Although the records contain pictures, none belong in the copy: restate word for word only the lines from the one with "Custom Photo Zircon" through the one with "少し小ぶりなディンキーシェイ", both included.

-- DATA PROVIDED --
◆ ◆ ◆

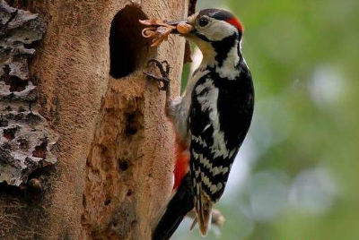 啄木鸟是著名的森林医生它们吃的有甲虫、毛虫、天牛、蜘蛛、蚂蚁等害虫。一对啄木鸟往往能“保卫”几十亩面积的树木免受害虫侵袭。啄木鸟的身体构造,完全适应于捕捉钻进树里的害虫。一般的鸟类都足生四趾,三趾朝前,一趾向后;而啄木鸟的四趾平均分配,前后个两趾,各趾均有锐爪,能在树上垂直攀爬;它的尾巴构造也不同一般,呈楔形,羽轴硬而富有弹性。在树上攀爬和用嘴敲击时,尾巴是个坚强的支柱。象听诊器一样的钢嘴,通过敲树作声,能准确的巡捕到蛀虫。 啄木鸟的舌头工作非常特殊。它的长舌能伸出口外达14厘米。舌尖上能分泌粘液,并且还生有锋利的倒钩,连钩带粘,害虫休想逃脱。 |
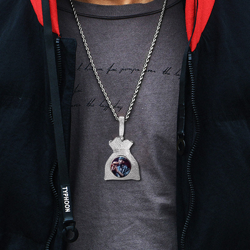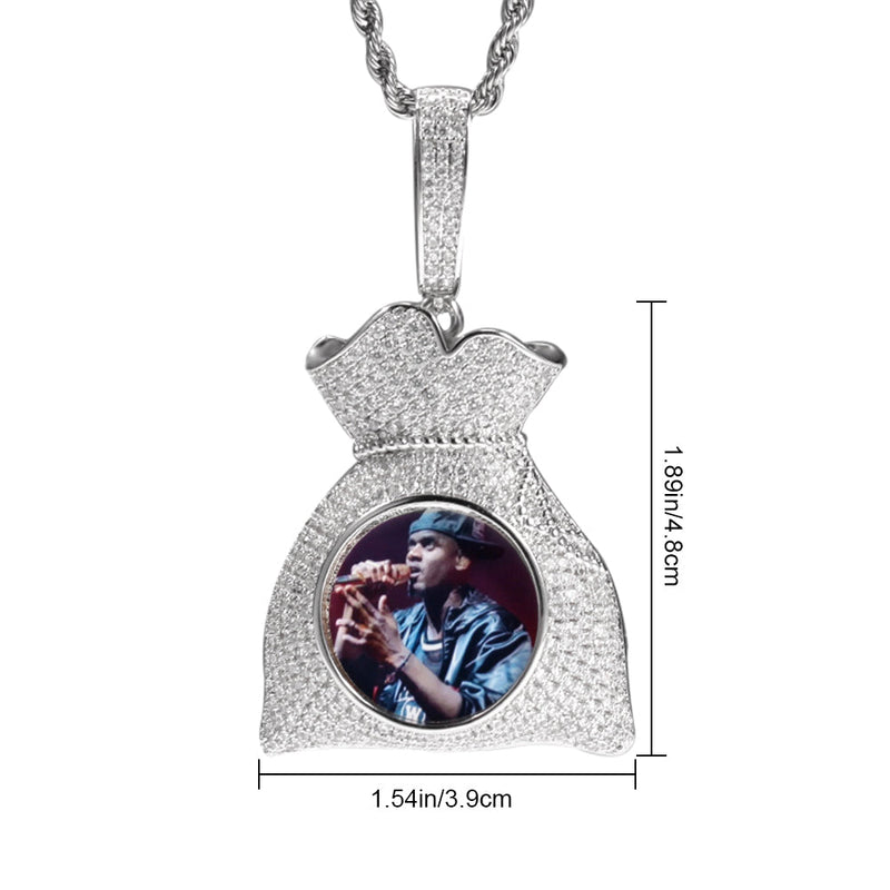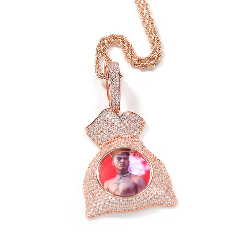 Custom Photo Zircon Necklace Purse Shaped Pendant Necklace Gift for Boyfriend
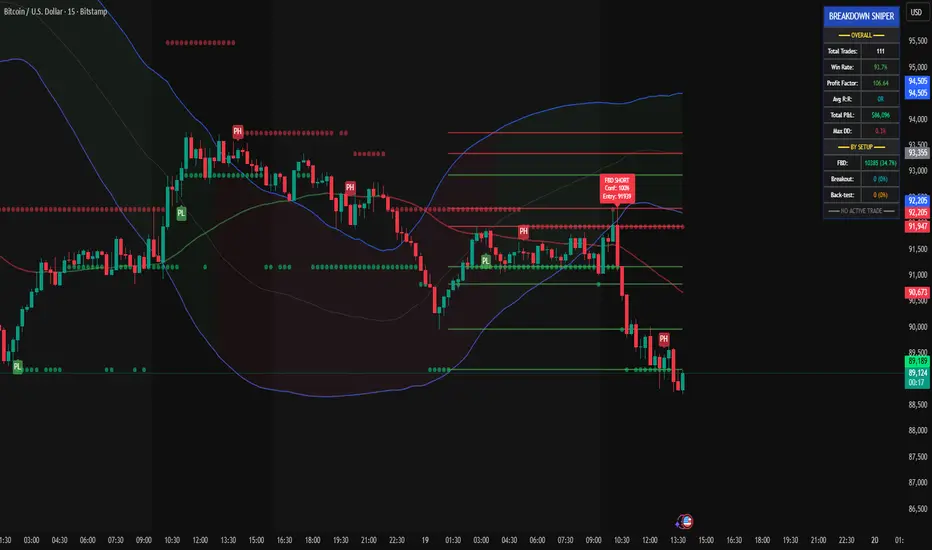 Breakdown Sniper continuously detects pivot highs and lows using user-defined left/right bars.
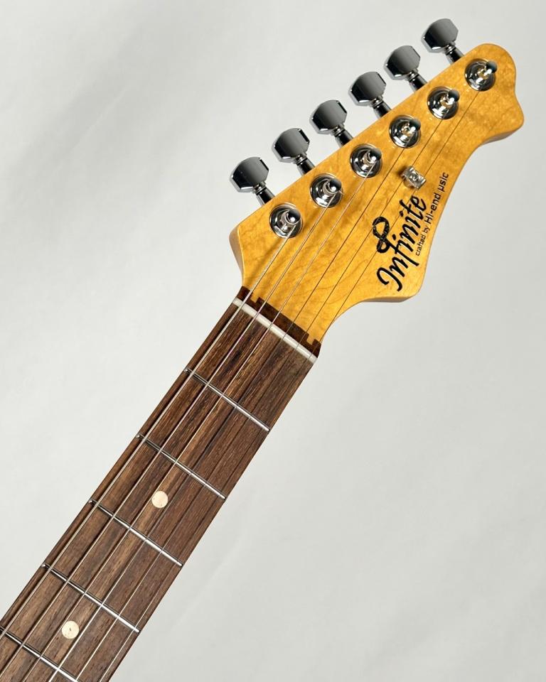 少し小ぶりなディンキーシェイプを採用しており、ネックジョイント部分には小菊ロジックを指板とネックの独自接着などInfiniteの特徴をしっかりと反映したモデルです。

◆ ◆ ◆

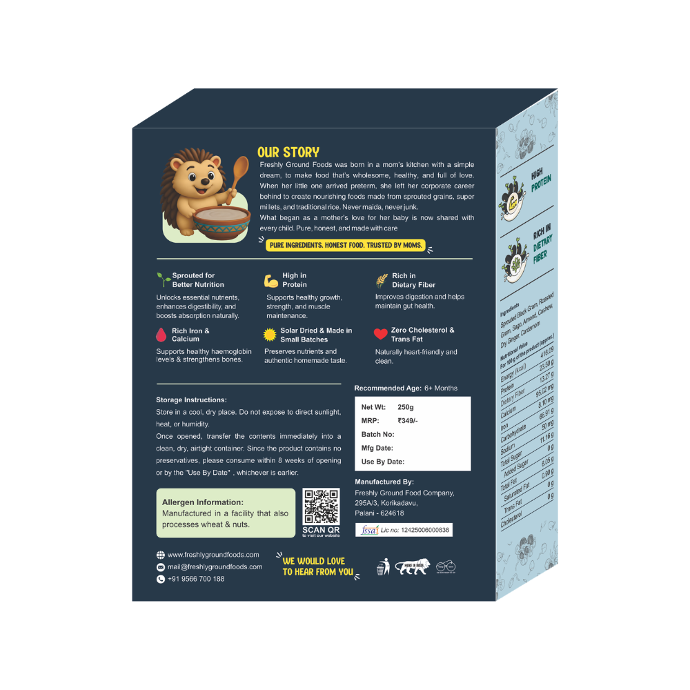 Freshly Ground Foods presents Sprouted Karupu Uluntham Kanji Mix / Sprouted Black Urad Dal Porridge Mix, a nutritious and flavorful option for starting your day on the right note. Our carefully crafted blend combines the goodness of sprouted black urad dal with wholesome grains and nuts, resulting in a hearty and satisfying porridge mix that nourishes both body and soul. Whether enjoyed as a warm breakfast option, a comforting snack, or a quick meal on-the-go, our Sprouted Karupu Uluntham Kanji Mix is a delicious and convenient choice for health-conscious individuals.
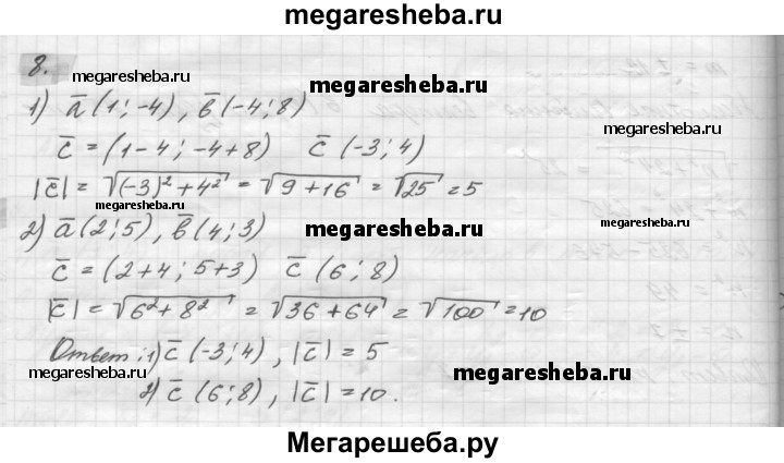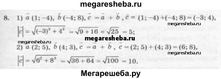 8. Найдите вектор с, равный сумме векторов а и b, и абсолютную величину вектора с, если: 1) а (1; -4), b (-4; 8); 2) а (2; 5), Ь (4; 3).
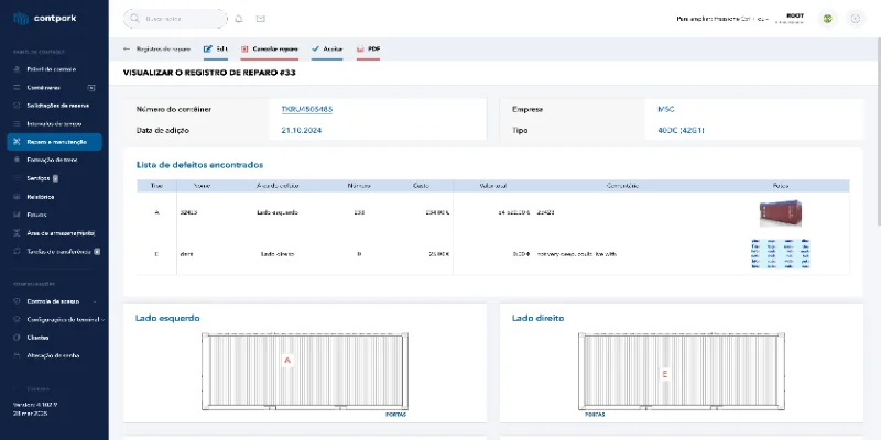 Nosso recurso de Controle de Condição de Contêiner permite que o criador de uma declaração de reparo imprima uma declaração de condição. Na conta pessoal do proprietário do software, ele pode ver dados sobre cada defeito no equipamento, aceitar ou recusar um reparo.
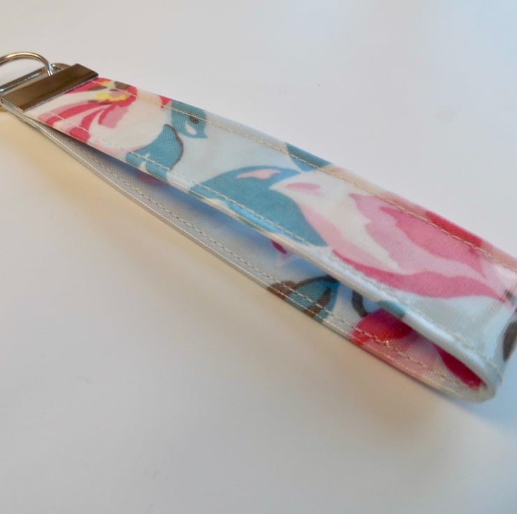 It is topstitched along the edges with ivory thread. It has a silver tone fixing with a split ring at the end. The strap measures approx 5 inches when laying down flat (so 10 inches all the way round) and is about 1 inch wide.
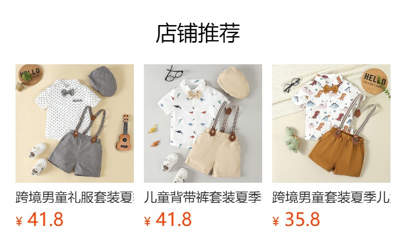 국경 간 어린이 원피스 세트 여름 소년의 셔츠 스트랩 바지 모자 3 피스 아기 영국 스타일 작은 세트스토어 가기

◆ ◆ ◆

-- COMPLETED EXERCISE --
 Custom Photo Zircon Necklace Purse Shaped Pendant Necklace Gift for Boyfriend
 Breakdown Sniper continuously detects pivot highs and lows using user-defined left/right bars.
 少し小ぶりなディンキーシェイプを採用しており、ネックジョイント部分には小菊ロジックを指板とネックの独自接着などInfiniteの特徴をしっかりと反映したモデルです。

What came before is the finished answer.